A few days after Google CEO Eric Schmidt revealed that the company had discarded the idea of buying a newspaper, Google co-founder Sergey Brin offered some encouragement for struggling print operations.

If newspapers continue to experiment with new ways of generating revenue, Brin said, they're bound to find a successful formula, just as Google found a way to make money off of search results.

Google first effort to monetize search results was to post ads for related books from Amazon next to searches. The results, he said, made just enough to cover pizza for the developers behind the project. Nonetheless, Google turned down lucrative offers to run noisy banner ads in favor of developing Ad Words, the low-key advertising system that's turned into the industry's unbeatable juggernaut.

The success sprang from the Google founders' confidence that accurate search results were valuable content and that they just needed to find the best way to unlock that value. Since newspapers also produce valuable content, Brin said, they should be able, with enough experimentation, to find a way to make money on the Web as well.

I'm sure lots of my colleagues at news organizations will see Brin's encouragement as hollow. Lots of people say that Google and Craigslist are responsible for newspapers' death spiral and should take some responsibility to fix the situation.

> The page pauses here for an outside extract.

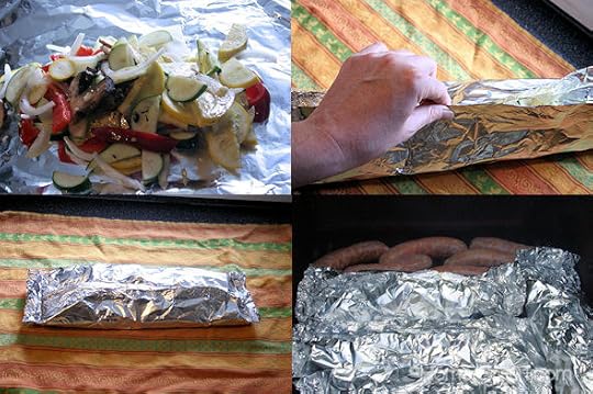 Grab a sheet of heavy duty foil, don’t get the wimpy stuff, you don’t need it tearing on the grill. Arrange a couple of healthy handfuls of vegetables in the center of the foil. Bring the long sides together and fold over in an accordion or pleat type fold. You want to keep the steam that will develop inside your packet. Fold the short side over a couple of times to close the packet tightly.
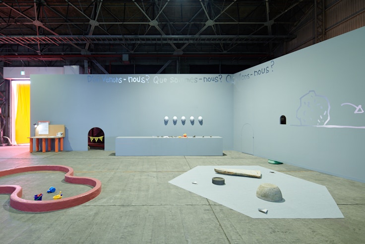 高さ6メートルを超える特徴的な会場は、空間デザイナー・西尾健史が空間設計を、山口萌子がグラフィックと什器デザインを担った。展示スペースは西尾と作家たちがディスカッションを重ねてつくられたもので、各作家ごとに与えられた大きなスペースが特徴だ。

I spent 15 years working at newspapers, so I have a lot of sympathy for and concern about their situation. But I don't agree that Google buying The New York Times (as some speculated was in the works) would either work well or that Google somehow has a moral obligation to buy a newspaper, as some people have argued.

I think what Brin is suggesting, while it's undoubtedly cold comfort to laid off journalists, is correct. We're in a no-longer-so-new world on the Web and content producers, like newspapers and magazines like PC World, have to experiment, probably radically, to find a model that compels people to pay for their product.

With Google's deep pockets, they could probably buy the Times and barely notice the expenditure. But that saves just one paper. (And really, given the power Google already has, do we really want it to own the country's biggest paper?) Such a purchase would be no more of a long-term solution than the federal government bailing out GM. In the long run, Detroit has to figure out how to make cars people want to buy and news organizations have to figure out how to make people pay to see the news.

Lots of journalists like to complain that Google is making billions off their content, without helping to pay for the reporters and editors who produce it. But the fact is that no news organization wants to pull its content out of the Google's database and lose all the traffic that the search engine generates.

The situation is really simple: When we journalists do good work, search engines do us a favor by helping people find it. Figuring out a way to make money from those visitors is our responsibility, not Google's, or Yahoo's, or Microsoft's.